Often times people underestimate the power the mind can have over choices, emotions and physical feelings. But if these examples are not enough, try it yourself. If you pause, close your eyes, and just focus on your breath for a few minutes, you may notice your responses to hunger cues have changed. Because when you start to tune in to your mind and body, the distracting stimuli of the world fade away. Now you recognize whether you’re actually hungry, or if that was just a tasty-looking photo.
Mindfulness and meditation take practice, just like lifting weights.
Your brain is like a muscle that needs to be flexed and challenged often if it is to get stronger or develop a new habit. A short, simple, daily meditation practice can help change your attitude towards food and actually aid in weight loss.
If weight loss is not your goal, meditation can help you better enjoy your food, and become more aware of how your body feels in response to food.
After a few weeks of daily meditation, usually it starts to become easier to quiet your mind. Don’t get frustrated if it seems like a daunting task that never improves – this is natural and will ease with practice. You just have to let go of your goals, return to your breath, and let yourself make mistakes. It’s ok! Let the thoughts come and go.
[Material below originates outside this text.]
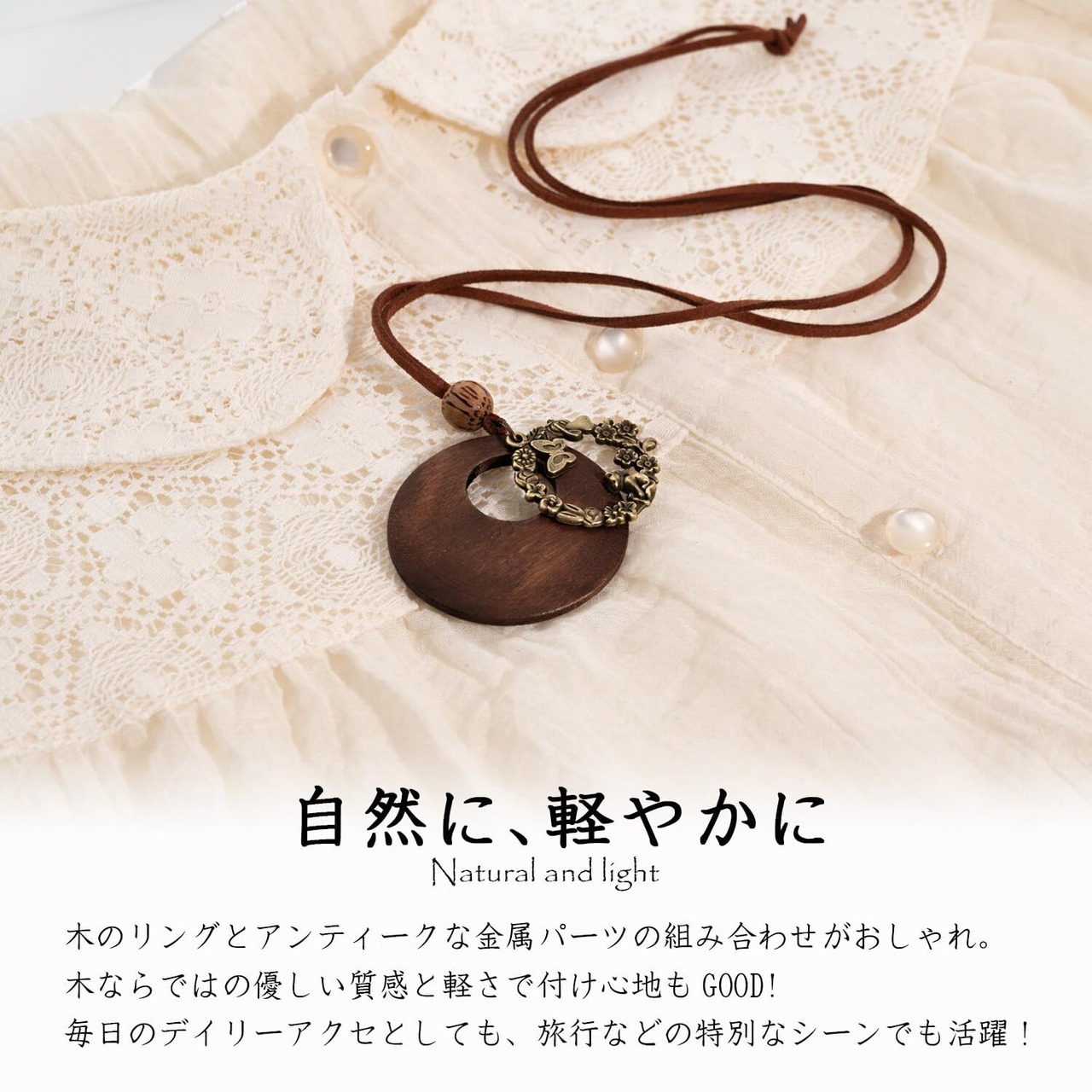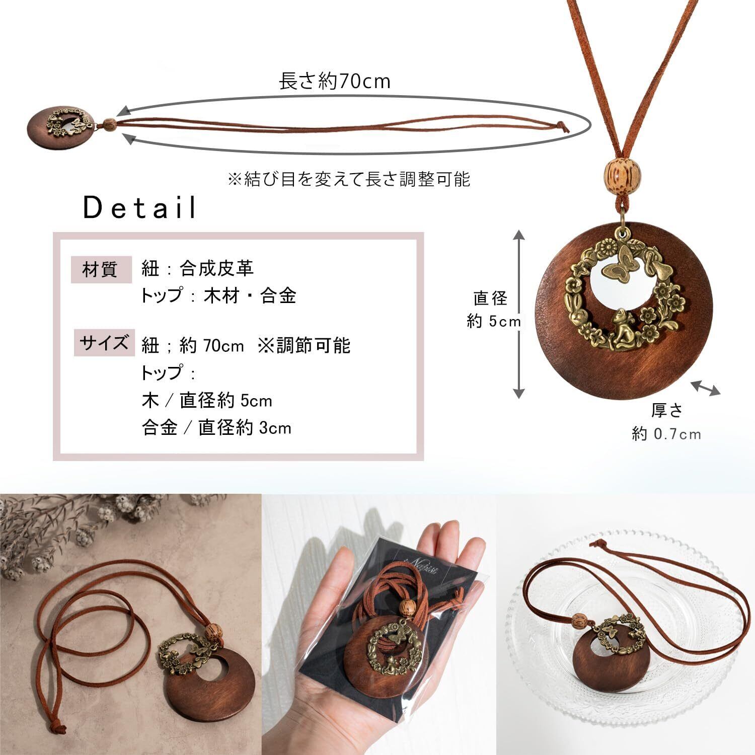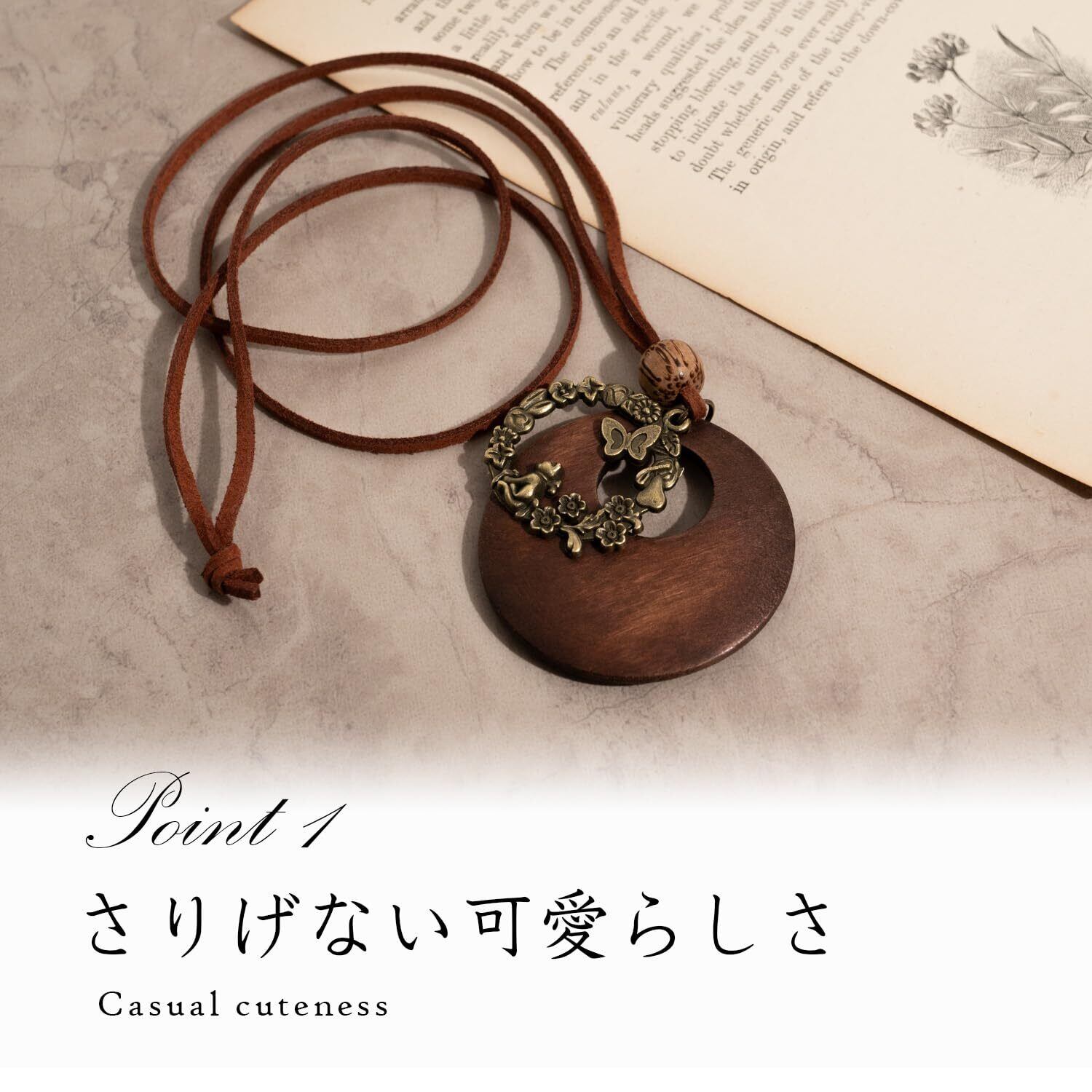 【商品について】お花畑で遊ぶかわいらしい猫のメタルパーツと、優しい風合いのリング型ウッドパーツを組み合わせたロングタイプネックレス。木と革ひもの風合いがナチュラルな印象。シンプルなトップスと組み合わせてファッションのアクセントに。革ひもは滑らかで柔らかい素材の合成皮革を使用。肌触りが良く、丈夫なのが特徴です。

In our always-working society, people are multitasking while eating. If you can, try to put away distractions for just 20 minutes and really think about your food. Chew it fully, place your fork down in between every bite. Focus on the flavor, the texture, and how it feels to eat each bite of food. When you’re finished, notice how you feel. Do you still feel hungry? Are you full or satisfied? By practicing mindfulness when eating, you can become more in-tune with your hunger cues. You may find you’re not as hungry as you initially thought, or that a certain food is more flavorful than you realised. Mindful eating makes you not only feel more satisfied, but also more grateful for the nourishment you’re getting and more positive after your meal has ended.
I could attempt to list all the holistic health benefits of meditation, but I will leave that for your googling pleasures. But today, challenge yourself to one meal or snack where you remove all distractions, slow down and truly taste your food.
By incorporating mindfulness and meditation into your life, you’ll find you have no need for crash diets or binges; your body knows exactly how to eat.